June 11, 2020
By Joe Price
Note: A number of terms and concepts are not explained below because they were covered in a recent article, The Most Important Things to Do Before Your PPP Covered Period Is Over.
Prior to June 5, borrowers of Paycheck Protection Program (PPP) loans felt (or should have felt) a sense of urgency about those loans. In a recent article, we suggested that the time was “now” to run your numbers to determine what portion of your PPP loan was in jeopardy of not being forgiven by the Small Business Administration (SBA). The reason for our concern was that, under guidance provided by the SBA, 75% of your PPP loan had to be spent on payroll during the eight-week period following the funding of the loan in order for it to be forgivable. The various restrictions imposed by the SBA made it difficult for most borrowers to be eligible for forgiveness of their entire loan amounts.
On June 5, however, President Trump signed the Paycheck Protection Program Flexibility Act of 2020 (PPPFA), which contains provisions that make it much more likely that your potentially forgivable costs will be equal to or greater than your loan amount.
Will 100% of Your Loan Be Forgiven?
Not necessarily. If you have laid off or furloughed any workers, you still need to deal with the provisions set forth in the SBA guidance and expanded in the act that can scale back your loan forgiveness. That is, if during the “covered period,” you reduced either (1) the number of your full-time equivalent (FTE) employees or (2) the wages of any of your sub-$100,000 employees by a significant amount, your loan forgiveness may be scaled back. The PPPFA gives you some additional methods of satisfying the preceding provision that you did not have previously, but you may find that even those new methods are of no help to you.
Why Is It Now More Likely Your Forgivable Costs Will Equal or Exceed Your PPP Loan?

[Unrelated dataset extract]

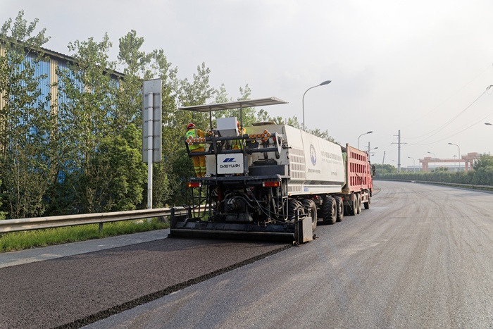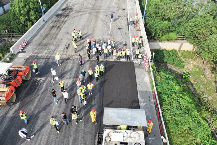 作為本次活動的核心環(huán)節(jié),全體人員實地觀摩了由高遠路業(yè)進行施工的預(yù)防性養(yǎng)護技術(shù)現(xiàn)場,直觀了解實際應(yīng)用效果。在長纖維功能化復(fù)合封層技術(shù)區(qū)域,技術(shù)人員講解了該技術(shù)如何通過一層找平,兩層抗裂,三層防水為道路建立完善的表面功能。在MOH抗滑超薄磨耗層技術(shù)現(xiàn)場,參觀人員對其抗水損、耐磨耗和抗滑性能進行詳細了解。針對車轍、沉陷、龜裂等病害,改性鋪裝技術(shù)展示了如何將瀝青混凝土舊路面在常溫條件下改性成復(fù)合有機水硬性材料路面。以材料關(guān)鍵技術(shù)為根本,以成套專用裝備為依托,以當(dāng)代工程技術(shù)為手段,該工藝具有抗變形、防水損、耐老化、長壽命等多重技術(shù)優(yōu)勢。

First, the period of time in which you have to spend your loan proceeds was extended from eight weeks to 24 weeks. While you may have found it difficult to spend the loan proceeds in the allowable percentages in eight weeks, you should have a much easier time spending all of them in that fashion in 24 weeks.
Second, the requirement that 75% of the loan proceeds had to be spent on payroll has been relaxed to 60%. Numerous commentators speculated that the 60% test was “all or nothing” when it was first announced. That is, they were concerned that if less than 60% of the loan proceeds were spent on payroll, that no amount would be forgiven. I a statement made on June 8 and repeated later in the week, Treasury Secretary Steve Mnuchin clarified that the payroll test was not “all or nothing,” and that if less than 60% was spent on payroll that partial forgiveness would be permitted.
What Are the New Tests for Scaling Back Loan Forgiveness by Reason of Laying Off or Furloughing Employees, and How Do They Compare to the Old Tests?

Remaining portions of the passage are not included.